- _YOUR OBJECTIVE_
Your copy should start at the line with "Сообщение Камчатского облнарревкома" and end at the line with "Кабинетная планировка из" in the data below. Transcribe only those lines, exactly, pictures excluded.

━━━ SUPPLIED MATERIAL

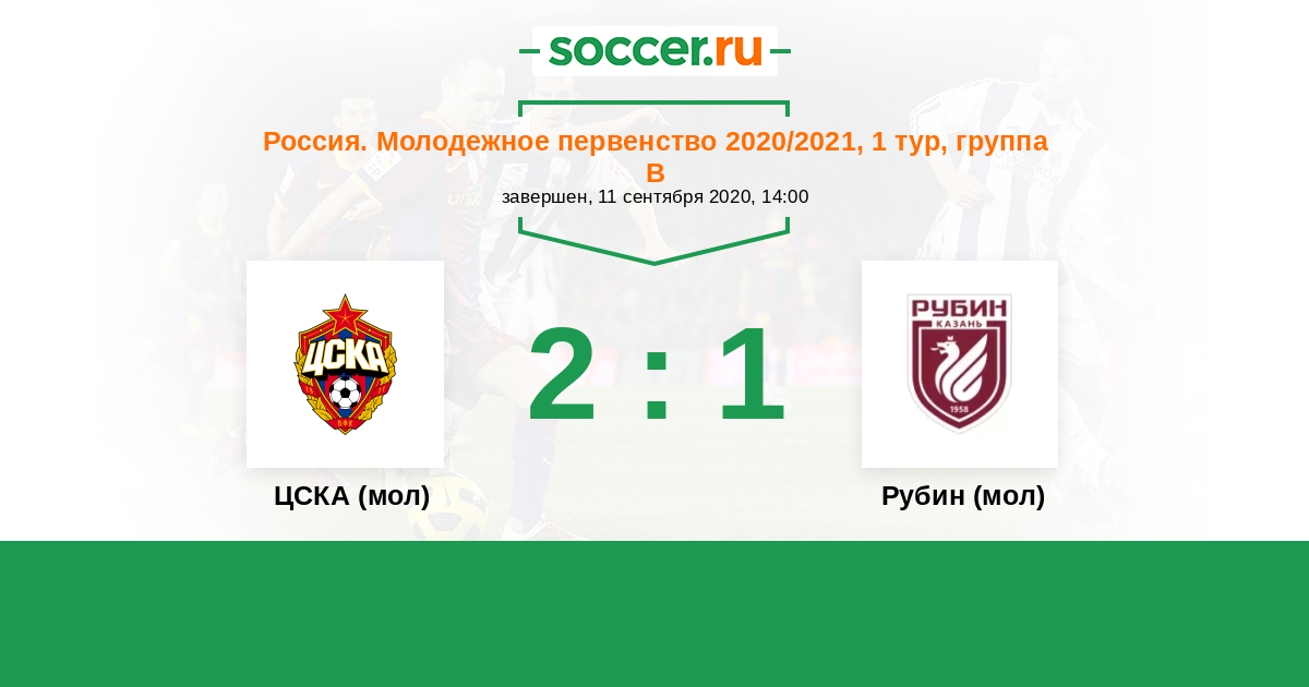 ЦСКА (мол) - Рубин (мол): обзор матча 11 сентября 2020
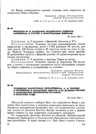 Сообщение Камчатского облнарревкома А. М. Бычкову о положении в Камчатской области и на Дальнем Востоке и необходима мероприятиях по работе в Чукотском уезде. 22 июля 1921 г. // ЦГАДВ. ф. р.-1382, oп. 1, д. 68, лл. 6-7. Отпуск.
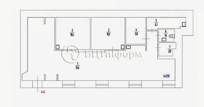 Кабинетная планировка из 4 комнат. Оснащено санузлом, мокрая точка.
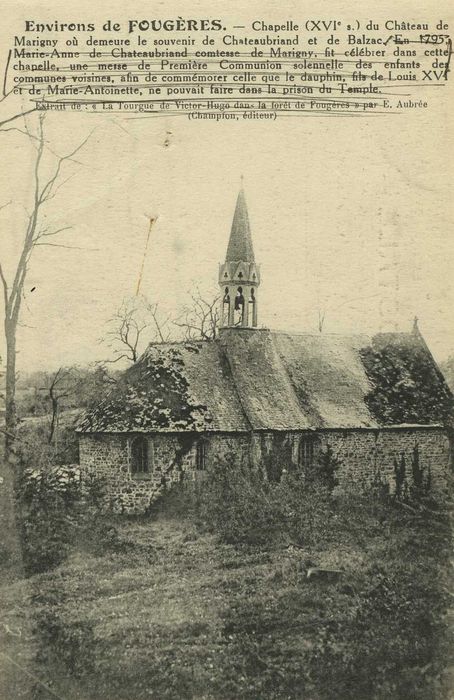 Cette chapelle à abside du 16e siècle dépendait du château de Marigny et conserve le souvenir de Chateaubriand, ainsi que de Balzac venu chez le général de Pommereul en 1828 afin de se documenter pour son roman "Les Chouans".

━━━━━━

- _RESULT OF THE EXERCISE_
 Сообщение Камчатского облнарревкома А. М. Бычкову о положении в Камчатской области и на Дальнем Востоке и необходима мероприятиях по работе в Чукотском уезде. 22 июля 1921 г. // ЦГАДВ. ф. р.-1382, oп. 1, д. 68, лл. 6-7. Отпуск.
 Кабинетная планировка из 4 комнат. Оснащено санузлом, мокрая точка.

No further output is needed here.